While the two seem very different, there are intermediate versions, such as “tile-based rasterization” or “frustum tracing”, where only the triangles covering a part of the screen are rasterized or all rays of a tile a traced together, respectively. If you make these tiles smaller, eventually a single pixel in size, rasterization starts to look much like ray tracing and vice versa as you trace larger and larger frusta. However, we still do not have algorithms that really cover the whole range of options well.

Additionally, we are seeing an increased need for advanced (programmable) shading and lighting effects (e.g. global illumination for smooth indirect illumination). While they are sitting on top of the core renderer, they impose many requirements that will determine what rendering approach can or cannot be used.

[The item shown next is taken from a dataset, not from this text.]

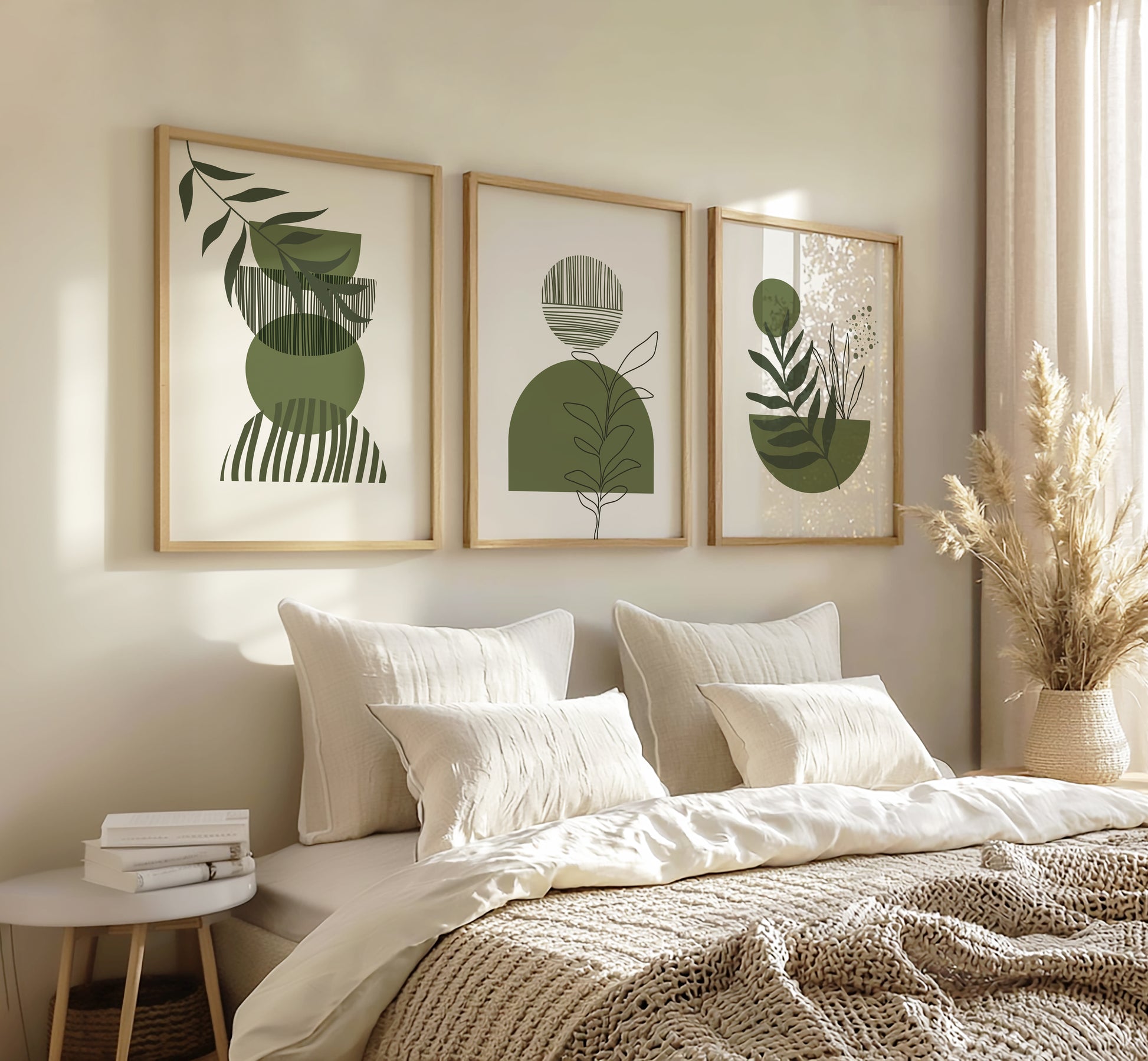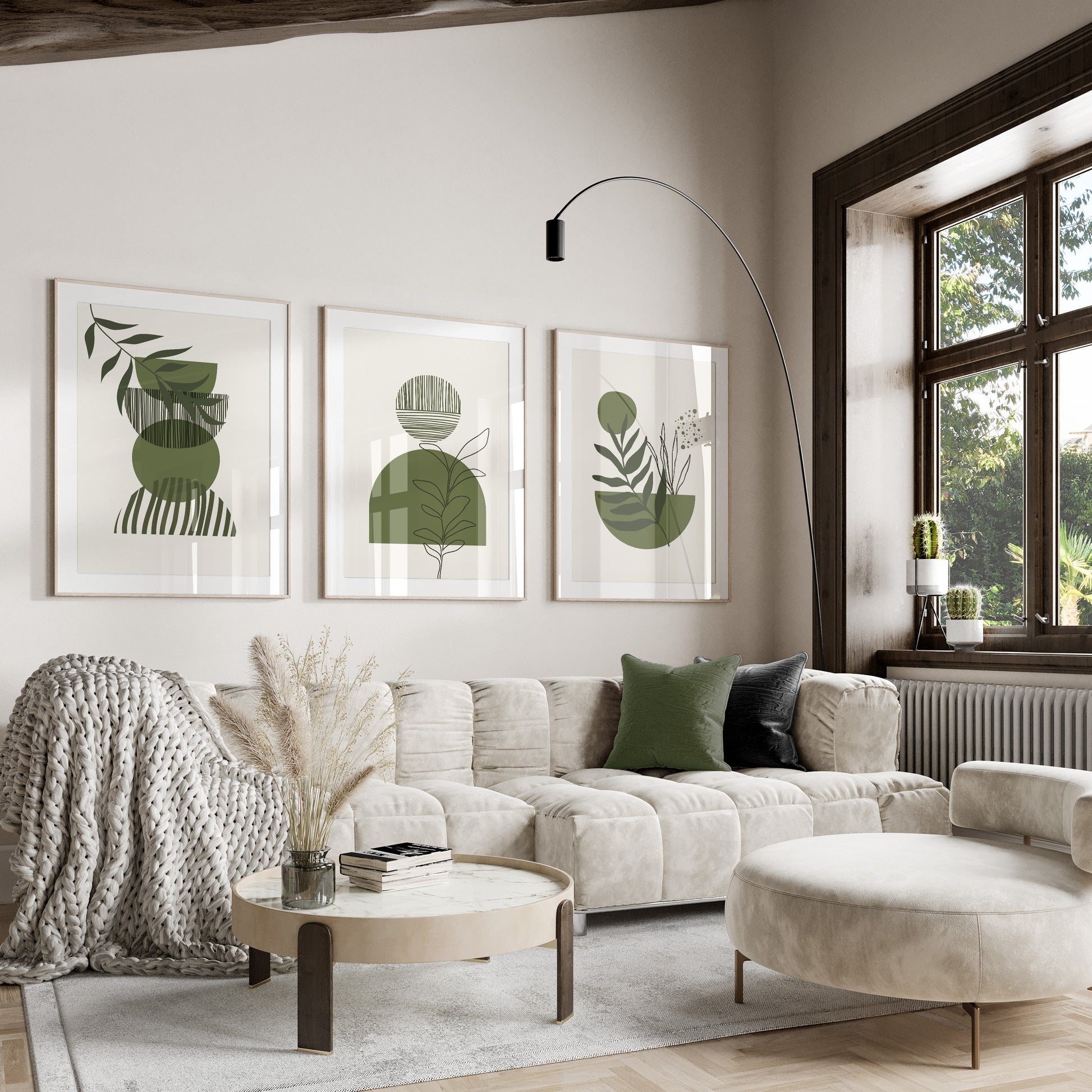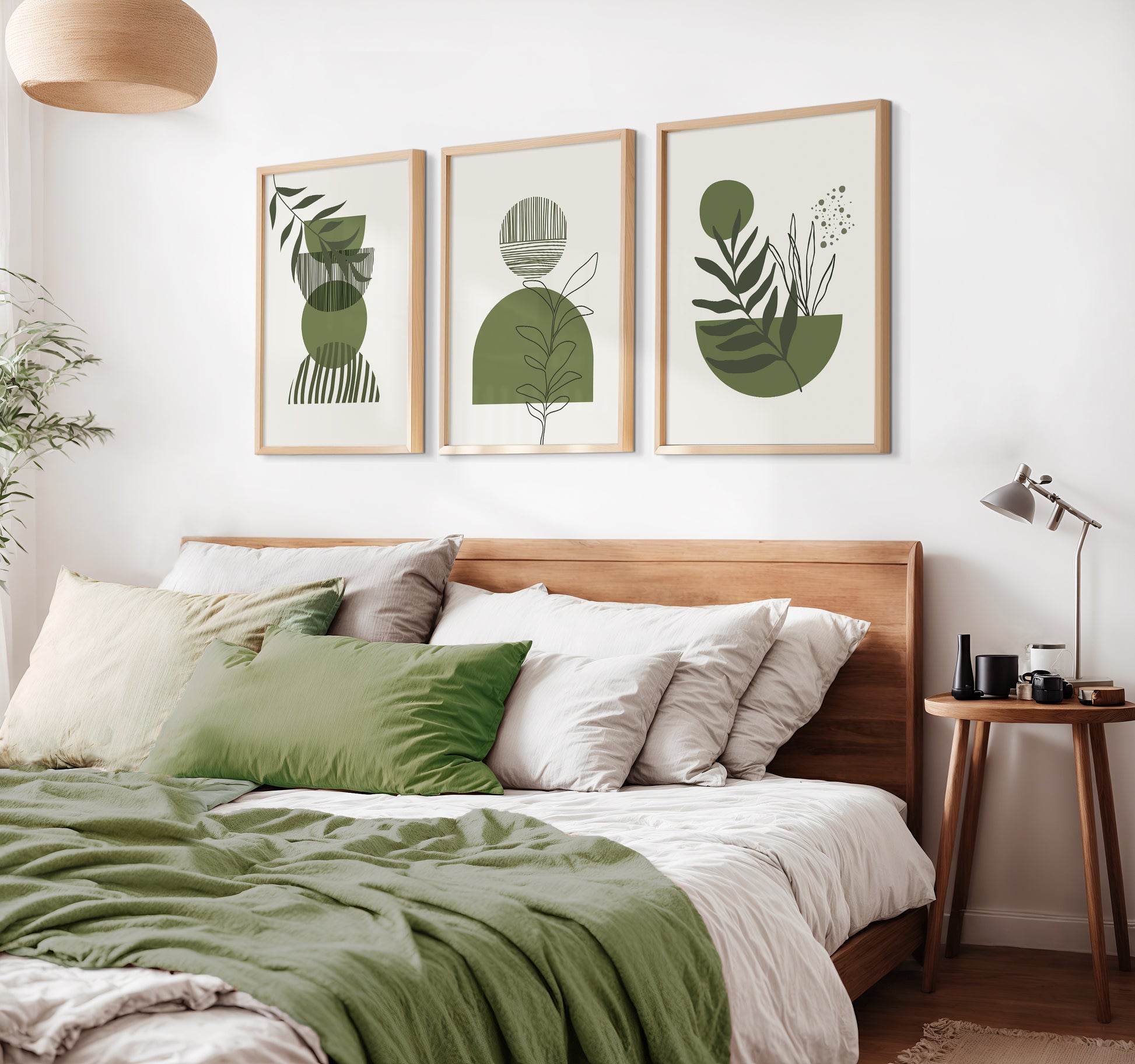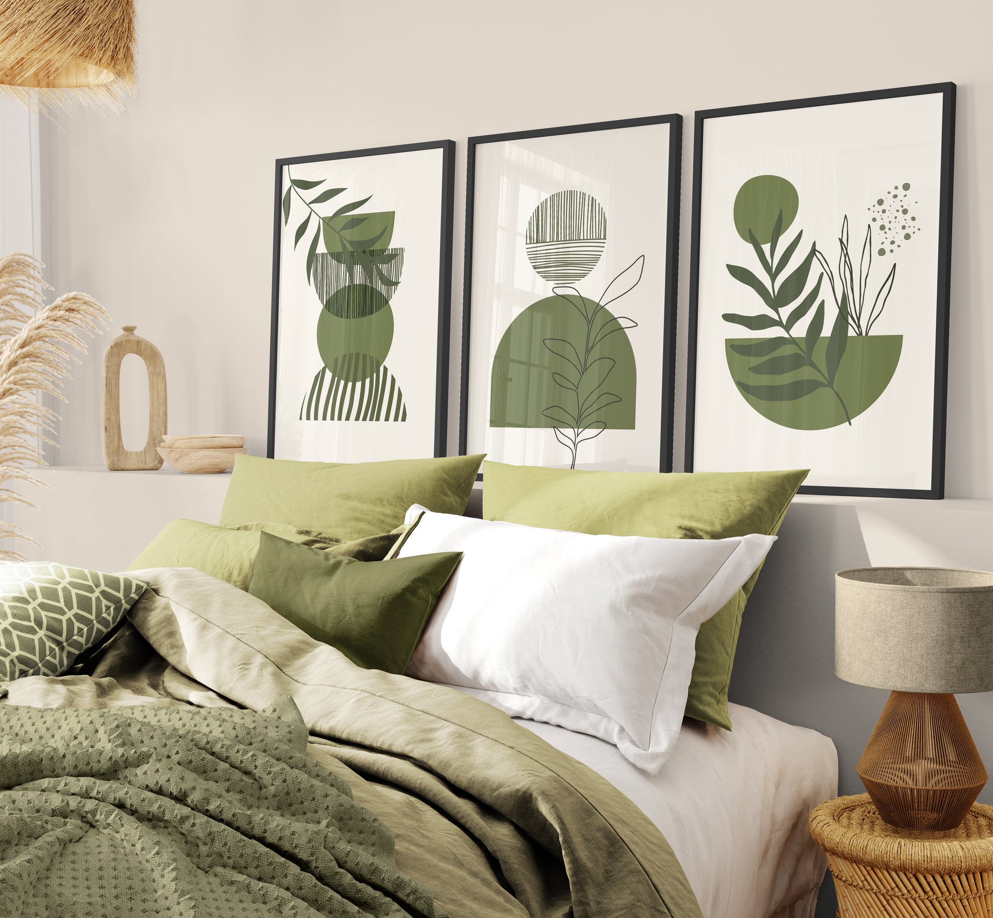 Set of 3 olive green boho wall art prints in shades of olive green all set on a off white backgrounds.

On the HW (hardware) side: GPUs started as HW dedicated for rasterization. But they have long evolved to become essentially large parallel compute engines (with some dedicated HW thrown in for rasterization, still). On the other hand, CPUs have become much better at parallel workloads with multi-core, multi-threading, and more and increasingly wide SIMD compute units (MMX, SSE, AVX, and the now upcoming AVX-512).

In some sense the two general HW designs are converging towards a similar sweet spot, but coming from two very different starting points.

Rasterization is more dependent on good HW support to be fast and so runs best on GPUs. Ray-tracing can be implemented with very good performance on each HW architecture, probably with some advantage for CPU-like architectures if you look at the latest comparison in the Embree paper at Siggraph 2014 (which may be a bit biased).

– For a developer working on a renderer, what is the technical arbitrage between writing for a CPU, and for a GPU?

Let me focus on writing a full ray tracing renderer using the raw HW. Writing a “renderer” that makes good use of OpenGL/DirectX is a very different story.

First of all writing a really good renderer is a big challenge — but also a lot of fun, independent of the choice of rendering algorithm or HW. It reaches across many levels from highly optimized inner loops all the way up to data management of often complex scenes. It thus touches many aspects of HW and SW and is a perfect poster child for how to best design efficient code for certain HW architectures.

An obvious key element is strongly optimizing the inner loops of a renderer as it determines the upper limit of the achievable rendering performance. This is where a lot of efforts and research has been, and still is, spent. Today, getting the best performance usually still means to hand-optimize the code (at the assembly or intrinsics level) for specific architectures and different choices of renderer configurations. While this often pays off, it requires expert knowledge, is very tedious, and often needs to be completely rewritten as the HW or the requirements change.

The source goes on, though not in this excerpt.